Task item
Repeat each entry exactly; omit all pictures.
- - -
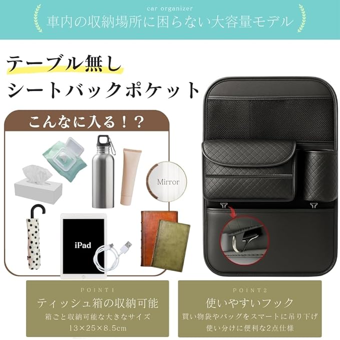【日本語取説付き】 Chicer シートバックポケット 車内収納 多機能 後部座席 収納
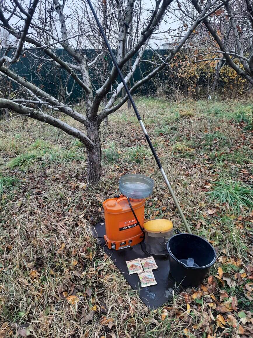 Искореняющее опрыскивание сада осенью железным купоросом.
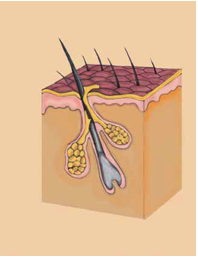 Keratinocytes are the pink cells lining the gland and hair follicle. (They also make up most of the epidermis.)
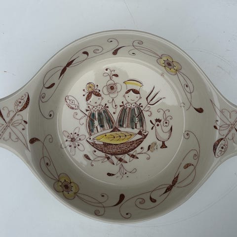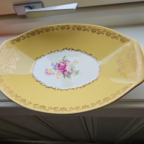 Pen serveringsbolle fra Stavangerflint Barokk med gul kant. HÞyde 9 cm. Dia 26*23 cm. Dybde ca 7 cm. Pent brukt. Kondisjon: Hel og pen uten skÄr, feil eller krakkelering. Gulldekor som nytt. God stand. Selger kr. 490,-. Pris er satt. Pakker godt viss sendes. Tar vipps. Sender + porto Norgespakke 140/PostNord 69.
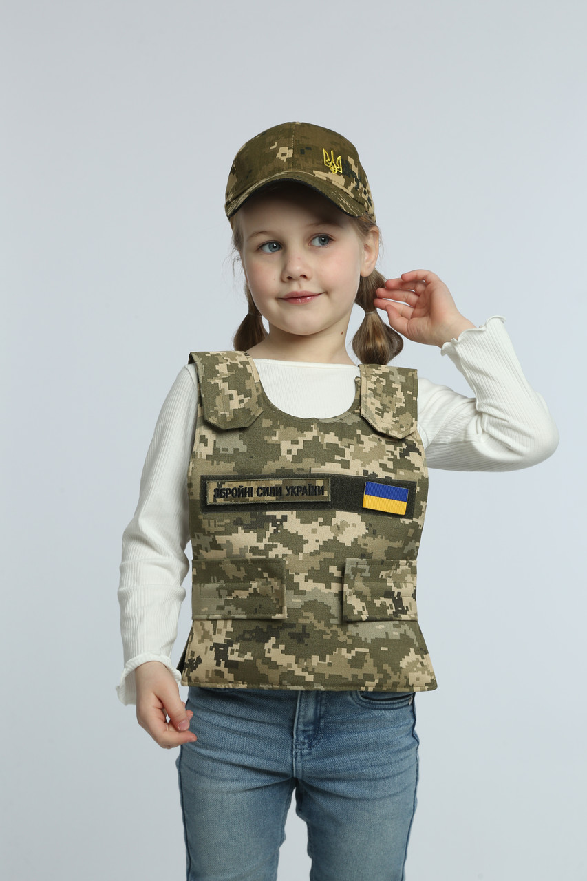 Дитячий костюм Бронежилет з бейсболкою для хлопчиків та дівчаток на 5-7 років. Пошитий із тканини змішаного складу, малюнок спеціалізований, складається з м'якого бронежилета з нашивкою та прапора України. Ширина передньої та задньої частини бронежилета 31 см, довжина 35 см. За рахунок липучок на плечах та талії можна регулювати довжину та об'єм бронежилета. По передній частині бронежилета нашита петельна стрічка шириною 4 см, на неї можна кріпити любі патчі, нашивки та шеврони.
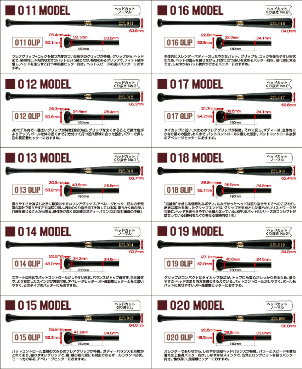 JBバット20モデルをベースに、サイズ、カラーをお好みに変更出来るオーダーバットです。
- - -
Solution for this problem
【日本語取説付き】 Chicer シートバックポケット 車内収納 多機能 後部座席 収納
 Искореняющее опрыскивание сада осенью железным купоросом.
 Keratinocytes are the pink cells lining the gland and hair follicle. (They also make up most of the epidermis.)
 Pen serveringsbolle fra Stavangerflint Barokk med gul kant. HÞyde 9 cm. Dia 26*23 cm. Dybde ca 7 cm. Pent brukt. Kondisjon: Hel og pen uten skÄr, feil eller krakkelering. Gulldekor som nytt. God stand. Selger kr. 490,-. Pris er satt. Pakker godt viss sendes. Tar vipps. Sender + porto Norgespakke 140/PostNord 69.
 Дитячий костюм Бронежилет з бейсболкою для хлопчиків та дівчаток на 5-7 років. Пошитий із тканини змішаного складу, малюнок спеціалізований, складається з м'якого бронежилета з нашивкою та прапора України. Ширина передньої та задньої частини бронежилета 31 см, довжина 35 см. За рахунок липучок на плечах та талії можна регулювати довжину та об'єм бронежилета. По передній частині бронежилета нашита петельна стрічка шириною 4 см, на неї можна кріпити любі патчі, нашивки та шеврони.
 JBバット20モデルをベースに、サイズ、カラーをお好みに変更出来るオーダーバットです。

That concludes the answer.